Były wiceszef Prawa i Sprawiedliwości, choć był mocno naciskany przez reporterów, nie odpowiedział wprost na pytania o swój wczorajszy stan. Jednak również nie zaprzeczył, że pił alkohol. Kilka razy z delikatnym uśmiechem powtórzył "Mój Boże". Jednej z dziennikarek poradził też, by nosiła ze sobą alkomat. I wyraził zdziwienie, że zadaje mu pytanie wprost o picie alkoholu.
Ludwik Dorn tłumaczył też, że wychodząc wieczorem z Sejmu wcale nie zaplątał się w kable od mów i kamer, tylko musiał je jakoś pokonać, bo był oblegany przez reporterów. Dziś zresztą również domagał się przestrzeni wokół siebie i pouczył jednego z dziennikarzy, by nie deptał mu butów.

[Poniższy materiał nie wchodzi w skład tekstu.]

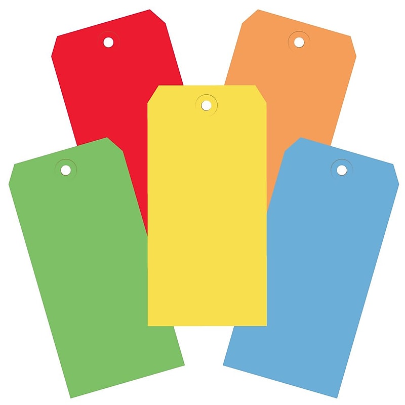 BOX 13 pt #5 Tag having 3/16" reinforced, tear resistant eyelet can be attached with the help of a string or wire. Tag is sold as 200 each of red, blue, green, yellow and orange tags. Aid in coding shipments and inventory. Dimensions: 4 3/4"(H) x 2 3/8"(W). 1000/pack. Feature a 3/16" reinforced, tear resistant eyelet. Include 200 each of red, blue, green, yellow and orange tags. Colored tags aid in coding shipments and inventory. May be attached with string or wire. 13 points. Freight class: 55. BOX 13 pt #5 Tag colors measuring 4 3/4" x 2 3/8" enables to create a color code system for shipments and inventory, sold 1000 per pack.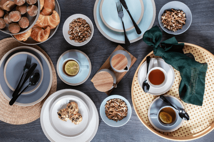 Botaniczne motywy to jednak nie tylko naturalne rośliny, ale również florystyczne wzory zdobiące tekstylia lub talerzyki – drobne łąkowe kwiaty i liście będą strzałem w dziesiątkę!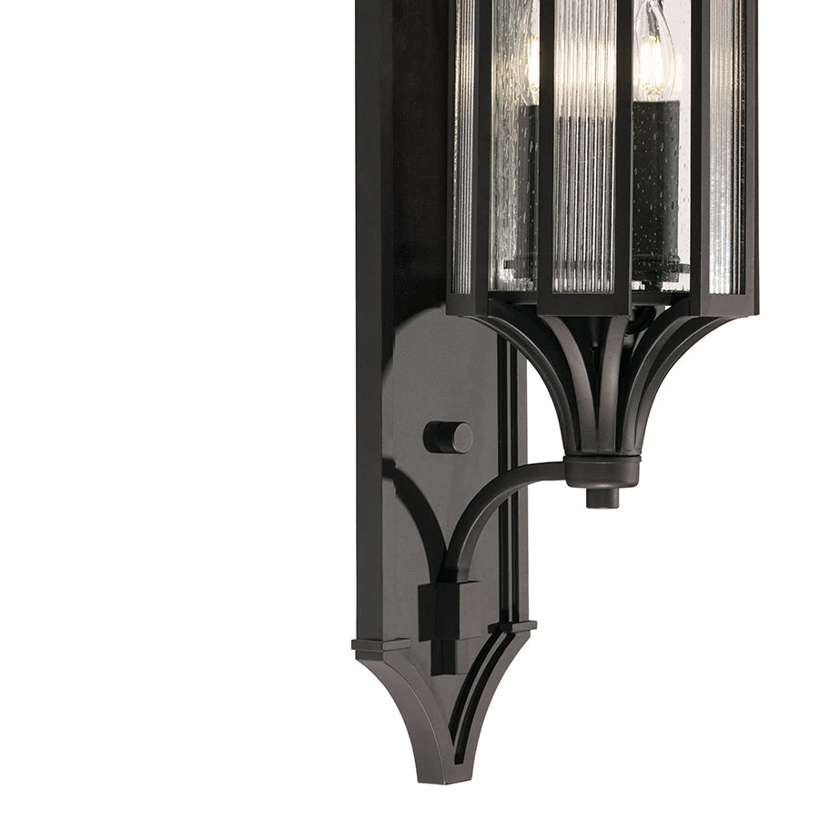 - Boldly designed yet quietly subtle, this outdoor wall mount features seedy inner glass with an overlay of reeded glass panels.

Były marszałek Sejmu opuszczając późnym wieczorem Sejm miał kłopoty z wyraźną artykulacją słów, odpowiadając na pytanie o obcięcie dotacji budżetowych dla partii. Nagrania z jego niewyraźną wypowiedzią nadały RMF FM i TOK FM, a TVN24 pokazał, jak poseł wymyka się szybko do wyjścia, unikając dalszej rozmowy.